---- SOURCE MATERIAL

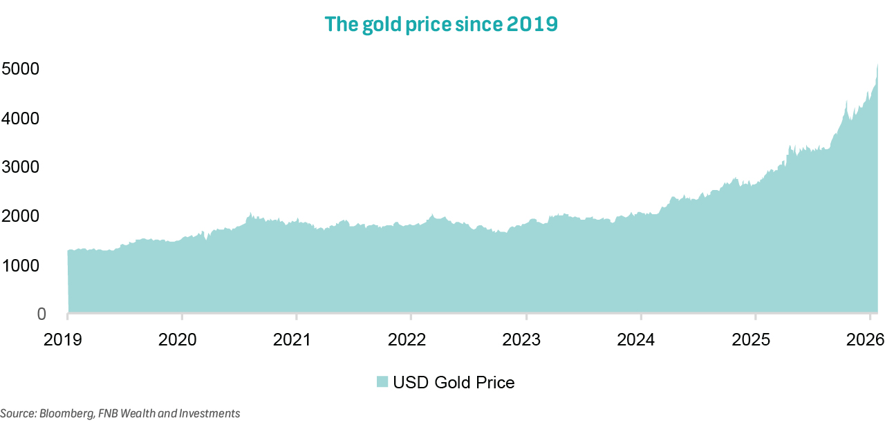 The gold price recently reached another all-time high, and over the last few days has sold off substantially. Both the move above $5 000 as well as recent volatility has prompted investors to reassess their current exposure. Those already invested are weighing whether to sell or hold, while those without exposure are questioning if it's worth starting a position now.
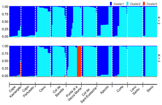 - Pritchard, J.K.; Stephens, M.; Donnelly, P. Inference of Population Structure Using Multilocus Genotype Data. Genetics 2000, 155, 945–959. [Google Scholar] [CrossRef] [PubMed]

--------
---- SOURCE MATERIAL

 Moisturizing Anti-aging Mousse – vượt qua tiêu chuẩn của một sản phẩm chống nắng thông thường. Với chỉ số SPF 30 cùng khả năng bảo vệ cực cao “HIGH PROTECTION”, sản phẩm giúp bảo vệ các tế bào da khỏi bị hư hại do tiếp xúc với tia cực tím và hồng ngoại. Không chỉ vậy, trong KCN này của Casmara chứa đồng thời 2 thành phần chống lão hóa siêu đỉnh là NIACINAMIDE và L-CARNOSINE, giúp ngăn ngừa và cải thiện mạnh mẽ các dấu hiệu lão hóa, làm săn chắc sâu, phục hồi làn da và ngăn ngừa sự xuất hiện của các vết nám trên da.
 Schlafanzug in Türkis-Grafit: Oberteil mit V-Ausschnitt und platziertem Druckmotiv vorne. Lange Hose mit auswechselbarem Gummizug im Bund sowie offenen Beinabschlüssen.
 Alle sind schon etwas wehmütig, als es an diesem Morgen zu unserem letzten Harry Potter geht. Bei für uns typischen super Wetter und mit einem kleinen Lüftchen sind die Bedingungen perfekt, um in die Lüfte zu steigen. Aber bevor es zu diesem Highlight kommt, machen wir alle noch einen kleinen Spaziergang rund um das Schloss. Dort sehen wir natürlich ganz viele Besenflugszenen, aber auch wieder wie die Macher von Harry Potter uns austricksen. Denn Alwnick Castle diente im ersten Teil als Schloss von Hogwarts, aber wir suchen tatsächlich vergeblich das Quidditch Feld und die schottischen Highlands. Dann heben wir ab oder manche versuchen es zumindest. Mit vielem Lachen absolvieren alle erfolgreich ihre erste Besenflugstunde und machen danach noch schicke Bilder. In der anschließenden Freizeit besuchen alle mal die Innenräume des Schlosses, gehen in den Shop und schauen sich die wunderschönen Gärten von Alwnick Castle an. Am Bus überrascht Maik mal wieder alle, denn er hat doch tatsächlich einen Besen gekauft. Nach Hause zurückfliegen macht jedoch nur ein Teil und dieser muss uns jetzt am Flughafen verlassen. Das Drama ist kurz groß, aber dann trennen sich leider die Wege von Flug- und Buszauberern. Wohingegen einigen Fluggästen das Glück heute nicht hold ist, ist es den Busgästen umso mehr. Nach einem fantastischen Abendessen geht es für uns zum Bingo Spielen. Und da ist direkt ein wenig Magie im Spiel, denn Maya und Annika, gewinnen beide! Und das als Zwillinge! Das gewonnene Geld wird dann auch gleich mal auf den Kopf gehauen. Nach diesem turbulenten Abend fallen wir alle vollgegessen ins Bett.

--------

_TASK DETAILS_.
Quote the data above exactly from the line with "The gold price" to the line with "- Pritchard, J.K.;", both ends counted, and nothing else. Pictures don't go in.

_REPLY_.
 The gold price recently reached another all-time high, and over the last few days has sold off substantially. Both the move above $5 000 as well as recent volatility has prompted investors to reassess their current exposure. Those already invested are weighing whether to sell or hold, while those without exposure are questioning if it's worth starting a position now.
 - Pritchard, J.K.; Stephens, M.; Donnelly, P. Inference of Population Structure Using Multilocus Genotype Data. Genetics 2000, 155, 945–959. [Google Scholar] [CrossRef] [PubMed]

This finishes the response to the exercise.